# [What is required]
Please count the lines in the material below that include "Maribor". Reply with the number alone.

# [Source records]
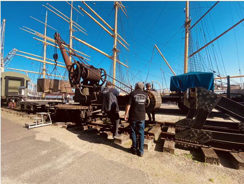
...funktioniert auch heute noch einwandfrei !
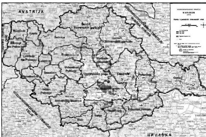
Slika 2: Pregledna karta prisotnosti tujerodnih drevesnih vrst v GGO Maribor.

( Robinia pseudacacia L.). Od tujerodnih drevesnih vrst se na GGO Maribor v drevesni sestavi najboljše pojavlja navadna robinija ( Robinia pseudacacia L.), sledijo ji zeleni bor ( Pinus strobus L.), duglazija ( Pseudotsuga menziesii (Mirbel) Franco) in rdeči hrast ( Quercus rubra L.) (slika 2.1) (ZGS, 2013). Vse naštetje drevesne vrste se v naravi tudi uspešno naravno pomlajujejo. Zlasti svoj areal vztrajno širi navadna robinija ( Robinia pseudacacia L.). Duglazija ( Pseudotsuga menziesii (Mirbel) Franco) in rdeči hrast ( Quercus rubra L.) sta omejena le na manjši areal okrog nasadov. Navadna robinija ( Robinia pseudacacia L.) se širi predvsem ob železniških progah v gozdovih ob reki Dravi, v sestojnih vrzelih v nižinskih gozdovih (Dravsko in Ptujsko polje) ter v gozdovih gričevnatega sveta (Slovenske gorice in Haloze).
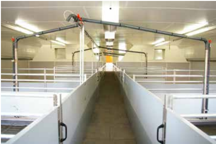
Stallenteil für Schlitzlüftung mit 100 cm geschlossenen Toren und feststehenden Elementen
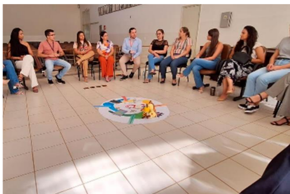
Instituições que compõem o sistema de justiça participaram do círculo

A 3ª Vice-Presidência realizou, entre os dias 31/1 a 2/2, visitas técnicas presenciais aos Centros Judiciários de Solução de Conflitos e Cidadania (Cejusc) das comarcas de Iturama, Campina Verde e Itapagipe, localizadas no Triângulo Mineiro.
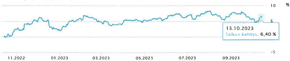
Salkun kehitys jaksittain ajalta 13.10.2022 - 13.10.2023
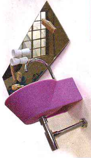
Los lavamanos de la firma Wet se iluminan y cambian de color.
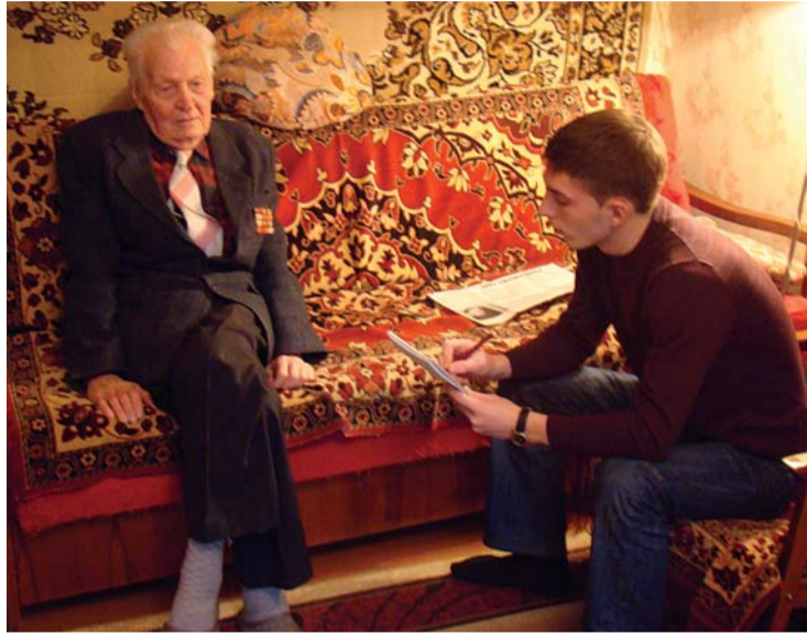
Иногда старикам важно просто пообщаться

Понятно, что любые дела, особенно добрые, лучше делать сообща. Поэтому «соколы» обратились в общественное движение в поддержку семьи, материнства и детства «Лучик надежды». Его участ-
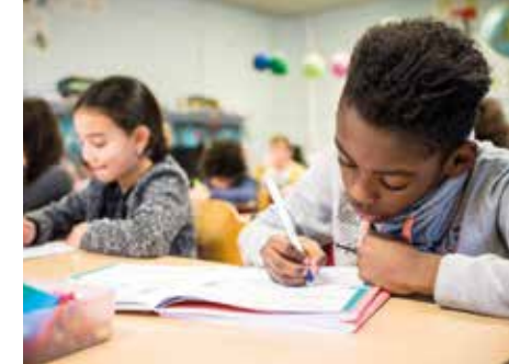
Schrijven in de klas
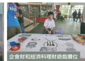
企會財和經濟科理財遊戲攤位
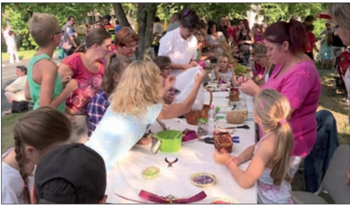
Gyerekek várták a családokat

Huszonnégy éves múltat tekint vissza a Szent István-napi előzetes, amit a Lencsési Községi Ház szervez meg évről évre.
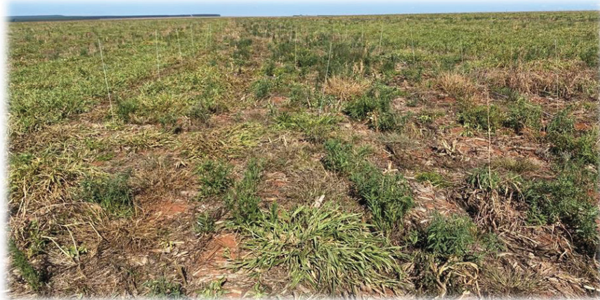
Figura 1. Panorama geral da área.

A área onde o estudo foi conduzido já havia passado por problemas de infestação de plantas daninhas, especialmente a buva ( Conyza sp. ). Três meses antes estudo, foi realizada uma aplicação do herbicida 2,4-D para o controle da buva, no entanto, a eficácia foi limitada, com um controle estimado em apenas 20%. Essa baixa eficácia motivou a realização do presente estudo para avaliar estratégias alternativas e combinadas de controle (Figura 1).
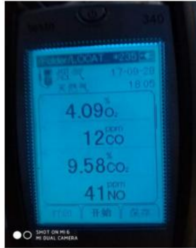
锦西石化重整炉改造后 NOX 现场测量数据
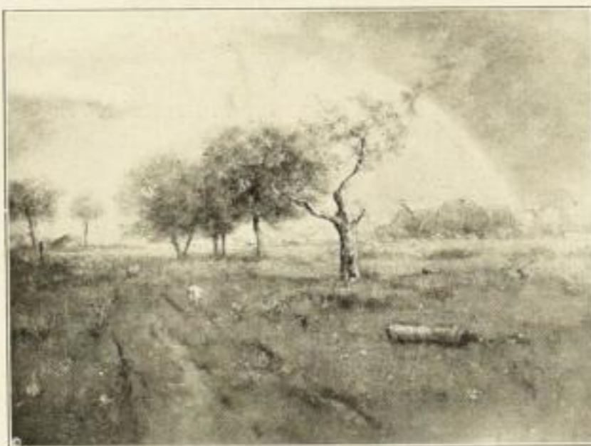
Nr. 114 George Inness: Nach dem Regen 30 x 40 cm RM 12.—
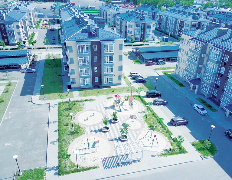
ЖК «Авиатор».

Комплексный капитальный ремонт стал возможен благодаря профессионализму подрядной организации ООО «КИТ-СТРОЙ». Строители провели полный цикл работ, направленных на создание современной образовательной среды.
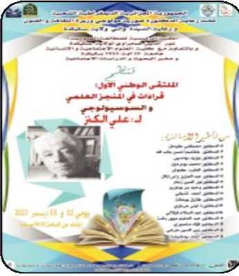
تكريس ثقافة الاعتراف بأعلام الثقافة الوطنية

تواصل لليوم الثاني بقاعة المحاضرات الكبرى للمكتبة الرئيسية للمطالعة العمومية لولاية سكيكدة نور الدين صحراوي فعاليات الملتقى الوطني الأول الموسوم بـ "قراءات في المنجز العلمي والسوسيوولوجي لعلي الكنز".
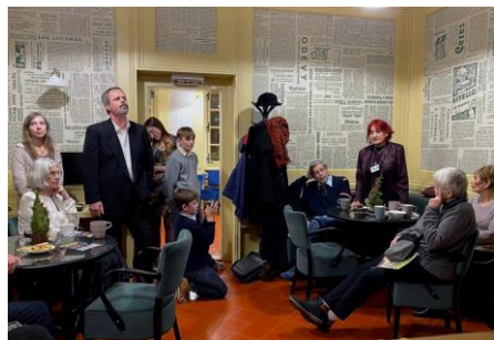
vernisaž na Příhrádku

# [Result]
2